It seems that BMT provides higher HRQoL in patients with [beta]-Thalassemia, both in physical and mental aspects. Using analysis of multiple regression test, we found no significant correlation between EQ-5D index scores, demographic parameters, and treatment methods. However, residence (urban or rural) and type of treatment were significantly associated with health (HRQoL, EQ VAS). Furthermore, SF-36 scores showed significant differences between BTIC and BMT patients in RP, RE, PF, and PCS. Since patients' age is combined in the analysis, such approach may have limitations such as heterogeneity in the QoL assessments; and ratings from young children may not be combinable with ratings for older children and adults. Also since this study is the first research on QoL of BMT [beta]-thalassemia patients in Iran, further investigation is needed to confirm the results of our study, which proposes BMT as the preferred method for treating patients with [beta]-thalassemia.
The present article was extracted from the thesis written by Hassan Karami and was financially supported by Shiraz University of Medical Sciences, Shiraz, Iran (grant No. 6292). The authors would like to thank all participants in the study.
The study was approved by the Ethics Committee of Shiraz University of Medical Sciences, Shiraz, Iran.
The authors declare that they have no competing interests.
MJ, AK, MZ, and HK contributed to conceiving and designing the study. The data was collected by HK; and was analyzed and interpreted jointly by MJ and HK. All authors contributed equally in writing the manuscript.
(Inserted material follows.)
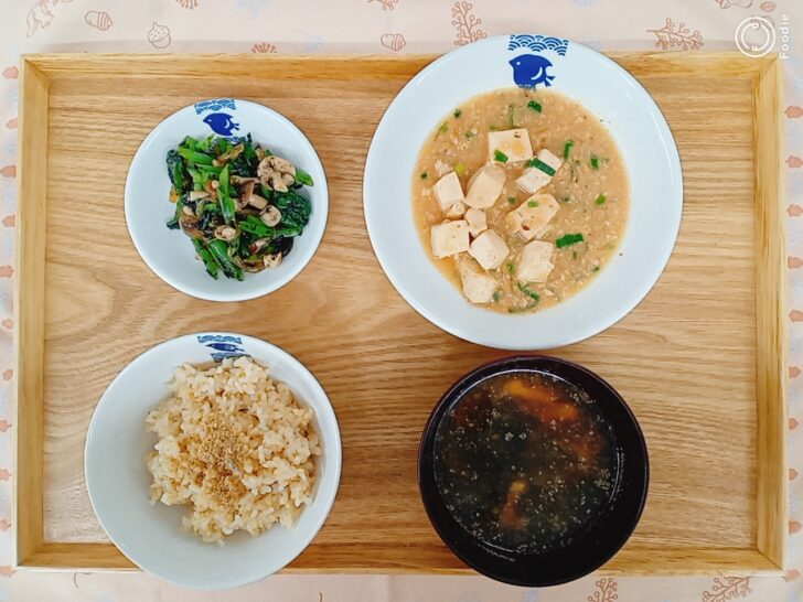 *麻婆豆腐(豆腐、大豆、玉ねぎ、青葱、生姜、にんにく、干し椎茸)
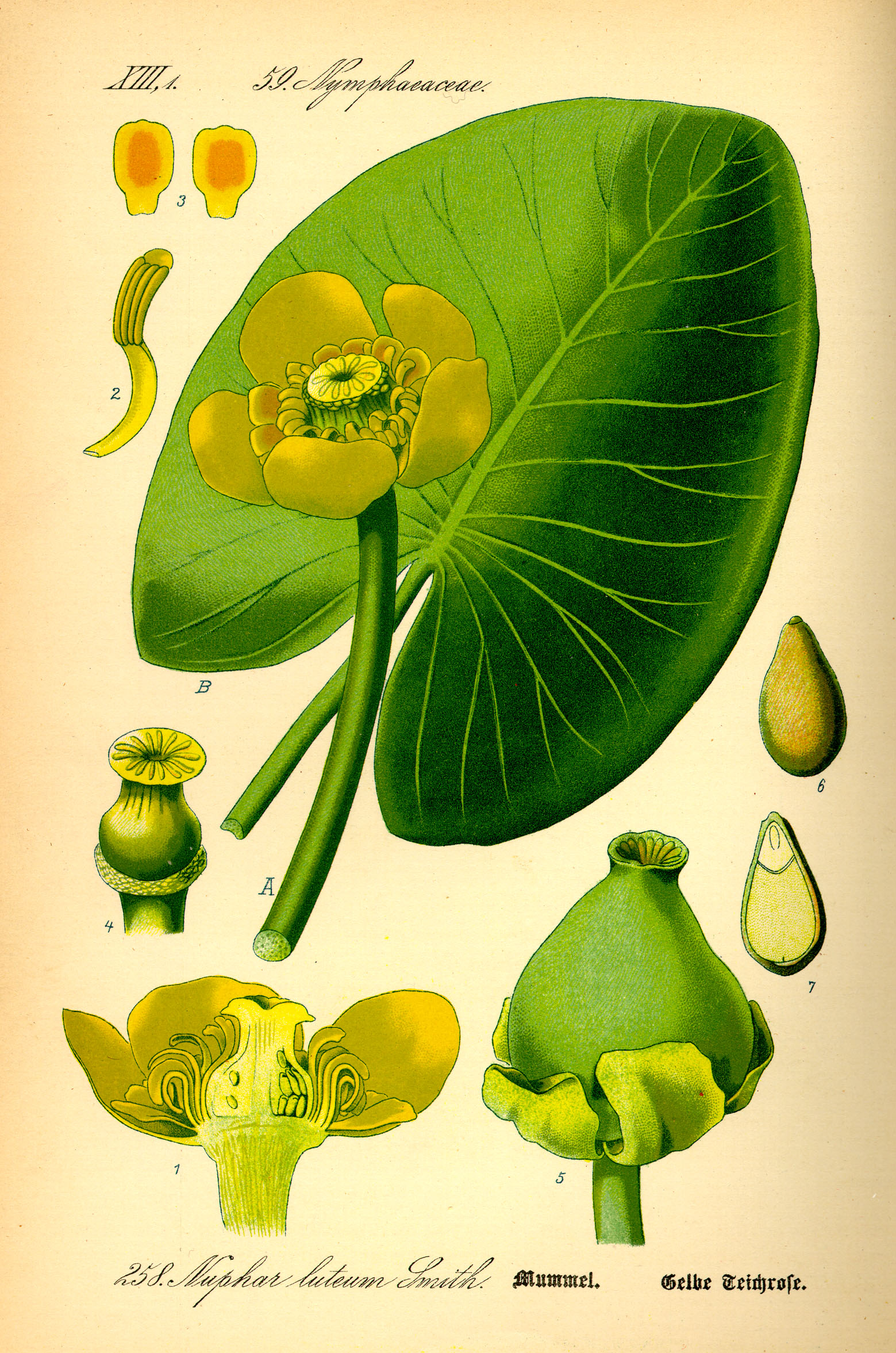 Above: Bull-head pond-lily (Nuphar lutea) botanical illustration by Jacob Sturm circa 1901.

All authors reviewed and approved the final manuscript.
(1) Health Economics Research Unit, Institute of Applied Health Sciences, University of Aberdeen, Aberdeen, UK. (2) Health Economics Department, School of Management and Information Sciences, Shiraz University of Medical Sciences, Shiraz, Iran. (3) Department of Health Services Management, School of Health Management and Information Sciences, Iran University of Medical Sciences, Tehran, Iran. (4) Health Management and Economics Research Center, Iran University of Medical Sciences, Tehran, Iran. (5) Department of Internal Medicine, BMT Unit, Hematology Research Center, and Organ Transplant Research Center, Nemazee Hospital, Shiraz University of Medical Sciences, Shiraz, Iran. (6) Department of Health Management and Economics, School of Public Health, Tehran University of Medical Sciences, Tehran, Iran.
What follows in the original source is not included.